Does hospice make death come sooner?
Hospice does nothing to speed up or slow down the dying process. The focus is on holistic care for the patient and family. However, recent studies have shown that patients receiving hospice care may live longer than those receiving standard care.
There are times when a person’s condition improves to the point that he or she no longer meets the eligibility requirement of a six month or less prognosis. We are always pleased when a person’s condition is no longer considered terminal by a physician and the hospice team and he or she “graduates” from hospice care.
If at a later date it becomes necessary to return to hospice care, Medicare and most insurance programs will resume coverage.
Before a patient is discharged, a formal plan is drawn up by the interdisciplinary team working with the patient and family. This plan includes referrals to community providers to ensure the healthcare and social needs of the patient and family continue to be met.
More hospice realities
- Hospice cares for more than 1.58 million Americans, and their families, every year—a number that continues to grow.

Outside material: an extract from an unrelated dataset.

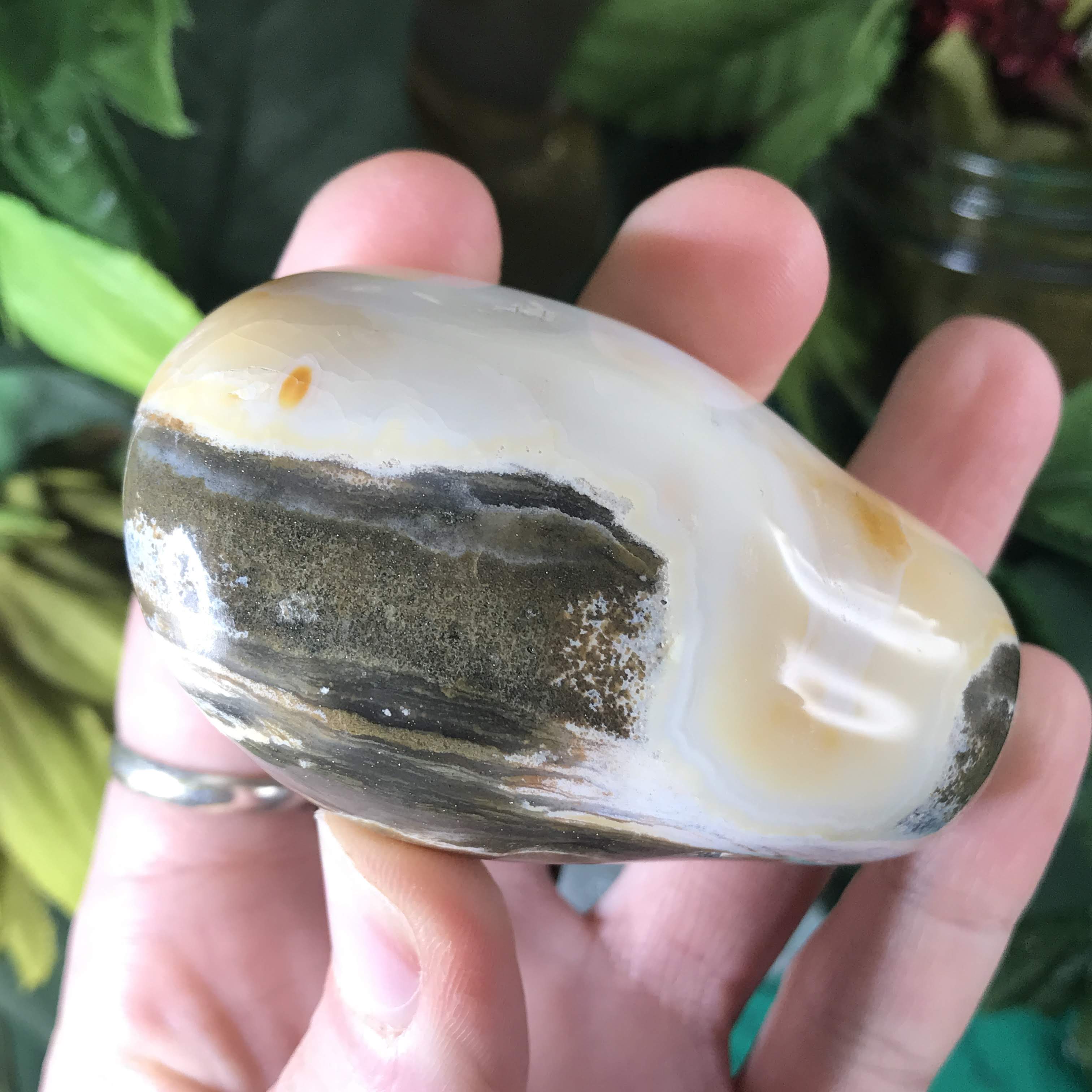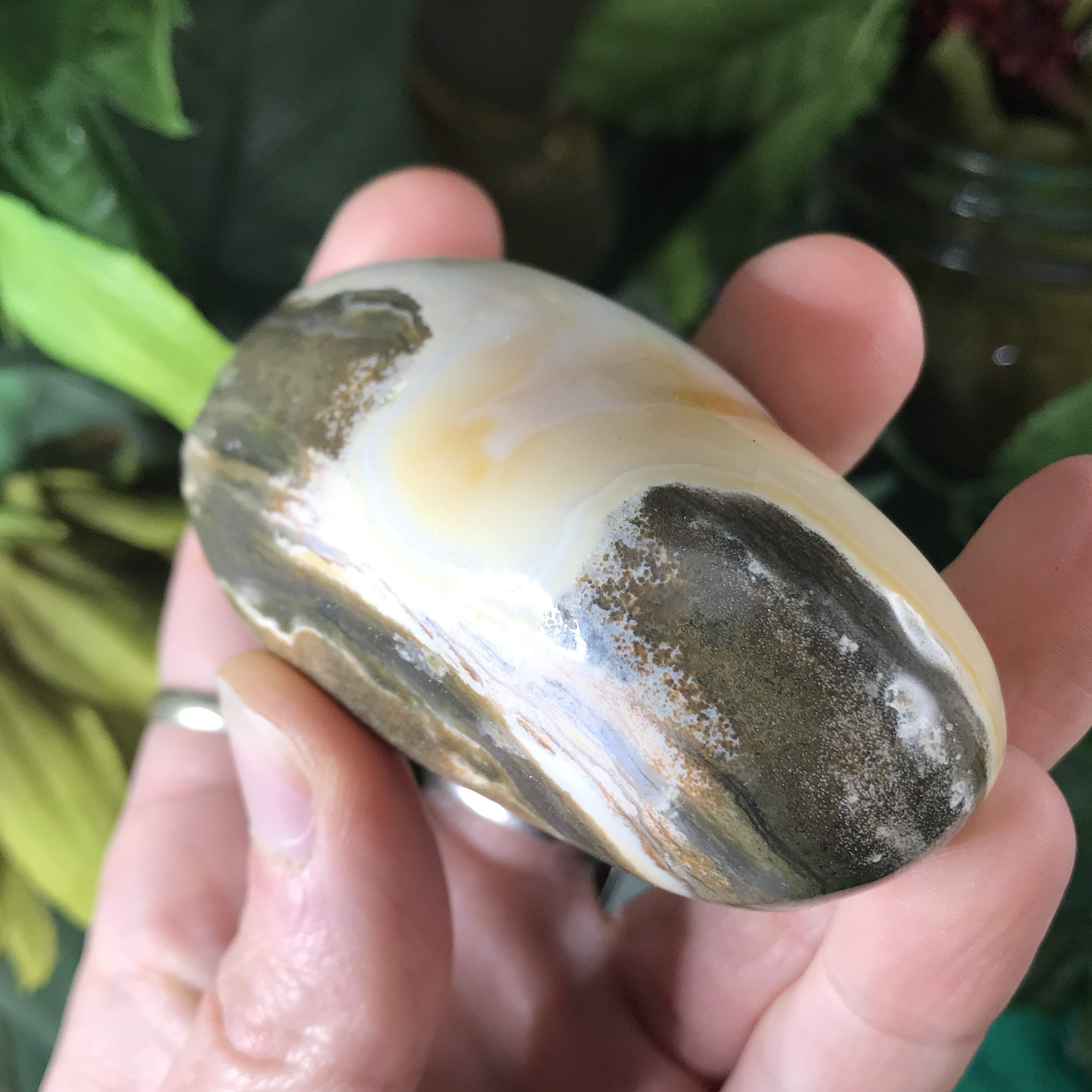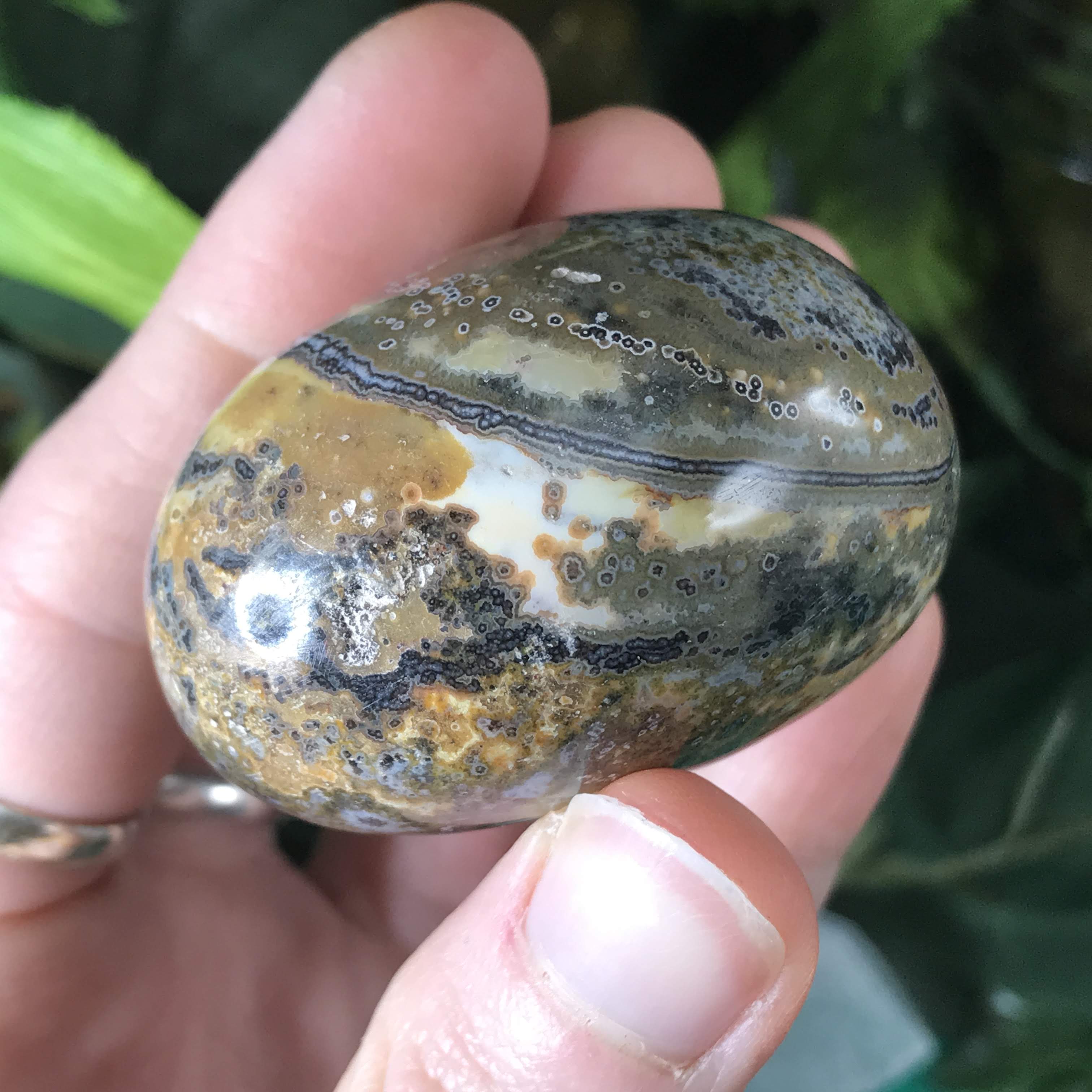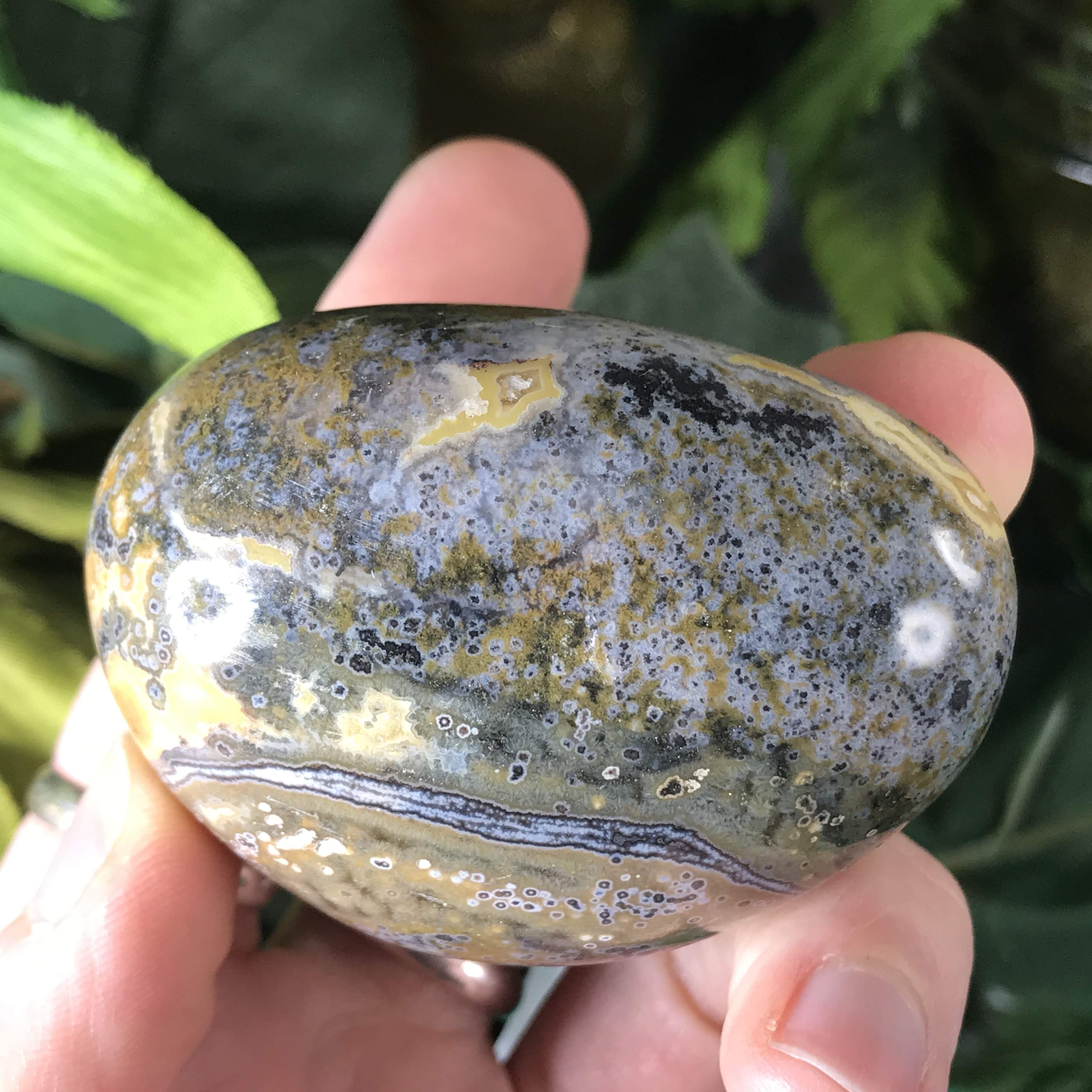Ocean Jasper is a variety of chalcedony and is absolutely wonderful! Like all jaspers, it is an extremely nurturing, soothing, peaceful and strengthening crystal. My most recent mediation with ocean jasper was exactly about nurturing...visiting past emotional wounds/experiences, providing healing and loving energies to myself at that time. Seeing & feeling myself hold and illuminate myself, infusing my being with nurturing soothing words and light. It has an energy of letting go, bringing up those deep rooted emotional blocks, scars, and patterns, and gently helping us let them go and shine love on them. It’s a good tool help us break those negative thought & anxiety loops that drive us bananas, and help heal at a cellular level. It’s cleansing, stabilizing, negativity repelling vibes will help keep the disruptive thoughts & nightmares at bay and sooth our nerves and help keep us focused. Being a very grounding and centering crystal makes it great for meditation as well as accessing & bringing back with us spiritual wisdom & insight to past lives.
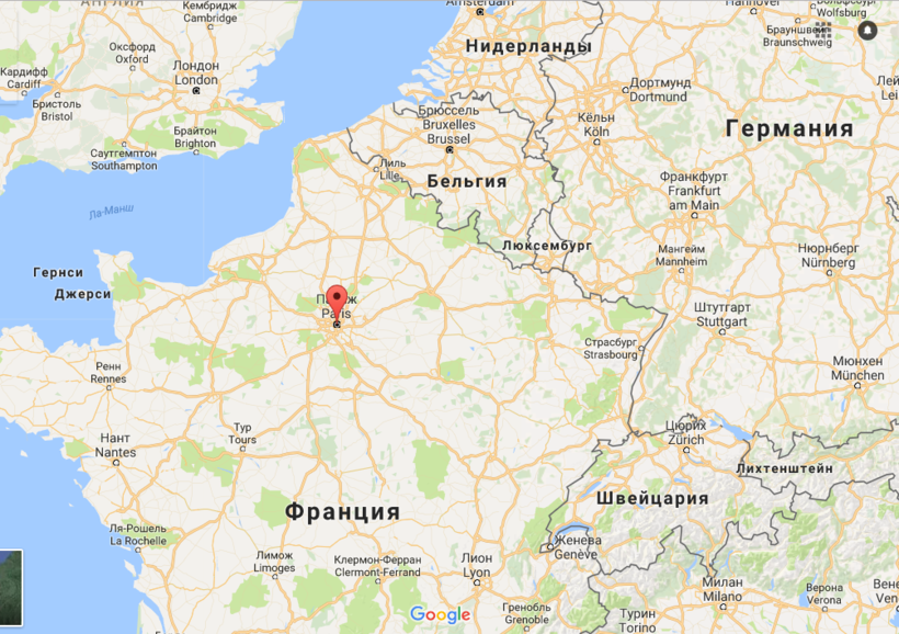 Берем курс из России на Западную Европу. Париж - столица Франции. Для наглядности смотрим карту.

- For 2010, the National Hospice and Palliative Care Organization (NHPCO) estimated that of approximately 2,452,000 U.S. deaths, 1,029,000 deaths, or 41.9 percent, were under the care of a hospice program.
- The best hospice care takes time. Hospice is most beneficial to those whose life expectancy is approximately six months. A patient in the final phase of life may receive hospice care for as long as necessary when a physician certifies that the patient continues to meet eligibility requirements.
- Transitioning to hospice is a simple process. The patient or a loved one asks the patient’s physician for a referral or contacts a local hospice program for a hospice evaluation. If the patient is clinically appropriate, admission can be accomplished in less than 24 hours.
- NHPCO research shows that 94 percent of families who had a loved one cared for by hospice rated the care as very good to excellent.